Image credit: Michael Galarnyk

Bonus: Time Series forecasting models

A time series usually involves several components:

  • Trend - the non-repeating movement in the data, e.g. increasing stock price
  • Seasonal - repeating movement in the data, e.g. more sells before tax payment period.
  • Noise/ residual - other movements that do not belong to the above, e.g. interruptions in the market/ move-the-market news.

Image credit: Jae Duk Seo

Next question is how to forecast a time series? Predictive analysis is not a requirement from this introductory course. Our main focus is on the descriptive part. Interested readers can checkout the following models from other literatures.

  • AR
  • MA
  • ARMA
  • ARIMA

Checkout this tutorial for an implementation of ARIMA using pyramid-arima (on pypi) and statsmodels.

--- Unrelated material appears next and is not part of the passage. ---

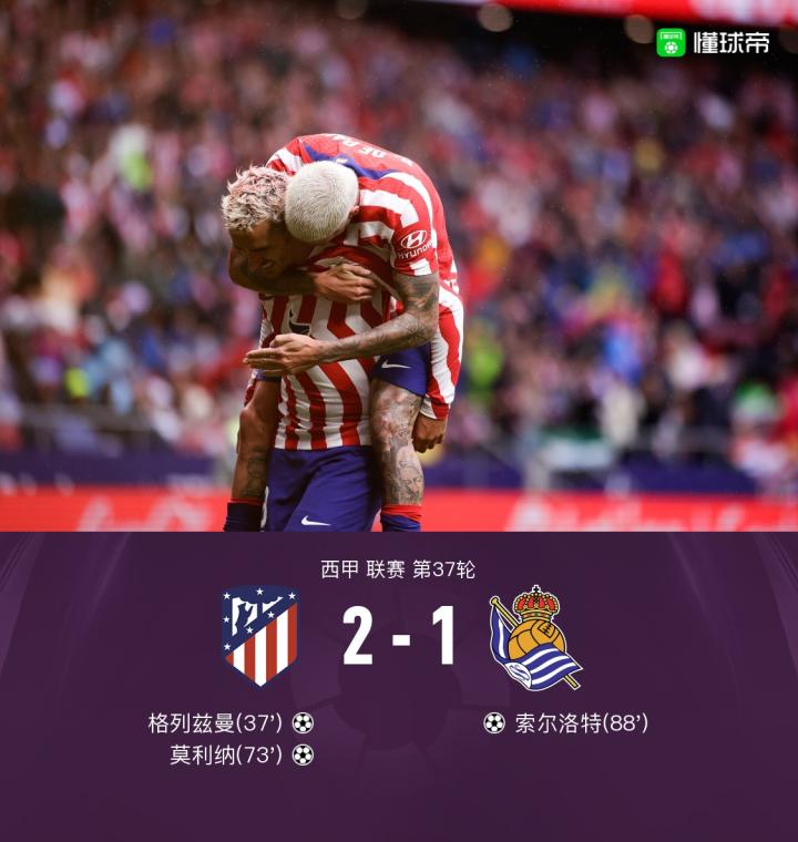 【马竞2-1皇社,格列兹曼传射,客队输球仍提前一轮获欧冠名额】

This tutorial has a more detailed explanation of AR and MA and its decompositions.

Note that the above models are highly simplified presentation of the reality. It works resonably with one-way market like sales forecast, where vendor and consumer have clear roles. It does not work well in stock market price prediction, because the market participants play the counterpart of each other and their predictions affect their behaviour which further affect the market status.

References

  • timestamp usually come in unit of milliseconds (1/1000) of a second. An example to parse this timestamp format into datetime format.
  • Past notes of datetime from spring 2018.
  • Brockwell, Peter J., and Richard A. Davis. Introduction to Time Series and Forecasting. 2nd ed. Springer Texts in Statistics. New York: Springer, 2002.